SOURCE MATERIAL =>
+++

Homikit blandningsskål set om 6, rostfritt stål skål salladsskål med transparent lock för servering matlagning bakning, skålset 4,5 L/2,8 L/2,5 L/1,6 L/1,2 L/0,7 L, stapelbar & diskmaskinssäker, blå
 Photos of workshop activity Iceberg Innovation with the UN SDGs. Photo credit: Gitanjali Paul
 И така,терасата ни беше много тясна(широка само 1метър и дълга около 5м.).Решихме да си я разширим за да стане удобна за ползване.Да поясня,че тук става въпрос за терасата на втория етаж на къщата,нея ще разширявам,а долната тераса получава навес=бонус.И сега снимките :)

+++

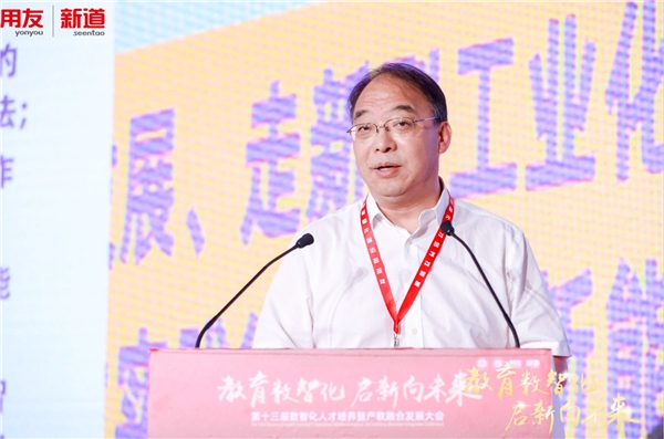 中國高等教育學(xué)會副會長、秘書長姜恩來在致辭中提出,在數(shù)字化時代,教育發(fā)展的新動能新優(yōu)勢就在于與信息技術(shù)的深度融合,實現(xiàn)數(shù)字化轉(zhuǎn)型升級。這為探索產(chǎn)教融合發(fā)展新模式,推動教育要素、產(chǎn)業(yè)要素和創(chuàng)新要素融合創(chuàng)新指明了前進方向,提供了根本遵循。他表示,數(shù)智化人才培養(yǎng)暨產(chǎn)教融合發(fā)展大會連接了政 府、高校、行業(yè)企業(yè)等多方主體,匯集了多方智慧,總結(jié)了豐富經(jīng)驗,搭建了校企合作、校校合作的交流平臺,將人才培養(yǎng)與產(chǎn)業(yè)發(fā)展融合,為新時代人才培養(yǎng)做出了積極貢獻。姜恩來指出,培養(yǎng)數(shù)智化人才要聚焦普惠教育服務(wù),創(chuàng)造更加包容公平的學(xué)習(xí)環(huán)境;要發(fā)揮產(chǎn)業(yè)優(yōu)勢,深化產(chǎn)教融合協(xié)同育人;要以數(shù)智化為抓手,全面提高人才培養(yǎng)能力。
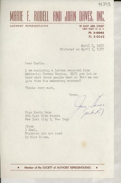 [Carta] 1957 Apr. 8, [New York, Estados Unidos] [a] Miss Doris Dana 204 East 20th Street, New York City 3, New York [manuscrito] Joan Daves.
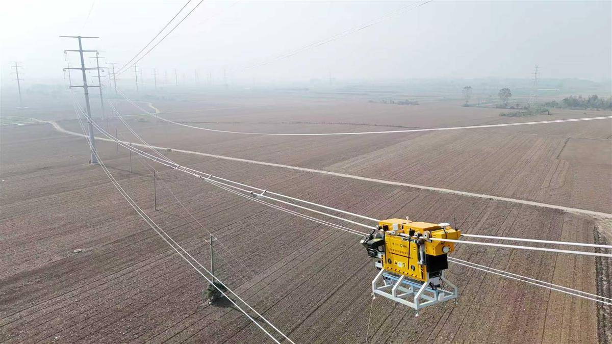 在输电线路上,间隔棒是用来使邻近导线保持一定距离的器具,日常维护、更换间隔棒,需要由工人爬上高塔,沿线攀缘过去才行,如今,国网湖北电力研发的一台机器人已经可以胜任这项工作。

+++

Nothing but the lines above from the line with "中國高等教育學(xué)會副" up to and including the line with "在输电线路上,间隔棒是用来使" should be returned, exactly as written and without pictures.

 中國高等教育學(xué)會副會長、秘書長姜恩來在致辭中提出,在數(shù)字化時代,教育發(fā)展的新動能新優(yōu)勢就在于與信息技術(shù)的深度融合,實現(xiàn)數(shù)字化轉(zhuǎn)型升級。這為探索產(chǎn)教融合發(fā)展新模式,推動教育要素、產(chǎn)業(yè)要素和創(chuàng)新要素融合創(chuàng)新指明了前進方向,提供了根本遵循。他表示,數(shù)智化人才培養(yǎng)暨產(chǎn)教融合發(fā)展大會連接了政 府、高校、行業(yè)企業(yè)等多方主體,匯集了多方智慧,總結(jié)了豐富經(jīng)驗,搭建了校企合作、校校合作的交流平臺,將人才培養(yǎng)與產(chǎn)業(yè)發(fā)展融合,為新時代人才培養(yǎng)做出了積極貢獻。姜恩來指出,培養(yǎng)數(shù)智化人才要聚焦普惠教育服務(wù),創(chuàng)造更加包容公平的學(xué)習(xí)環(huán)境;要發(fā)揮產(chǎn)業(yè)優(yōu)勢,深化產(chǎn)教融合協(xié)同育人;要以數(shù)智化為抓手,全面提高人才培養(yǎng)能力。
 [Carta] 1957 Apr. 8, [New York, Estados Unidos] [a] Miss Doris Dana 204 East 20th Street, New York City 3, New York [manuscrito] Joan Daves.
 在输电线路上,间隔棒是用来使邻近导线保持一定距离的器具,日常维护、更换间隔棒,需要由工人爬上高塔,沿线攀缘过去才行,如今,国网湖北电力研发的一台机器人已经可以胜任这项工作。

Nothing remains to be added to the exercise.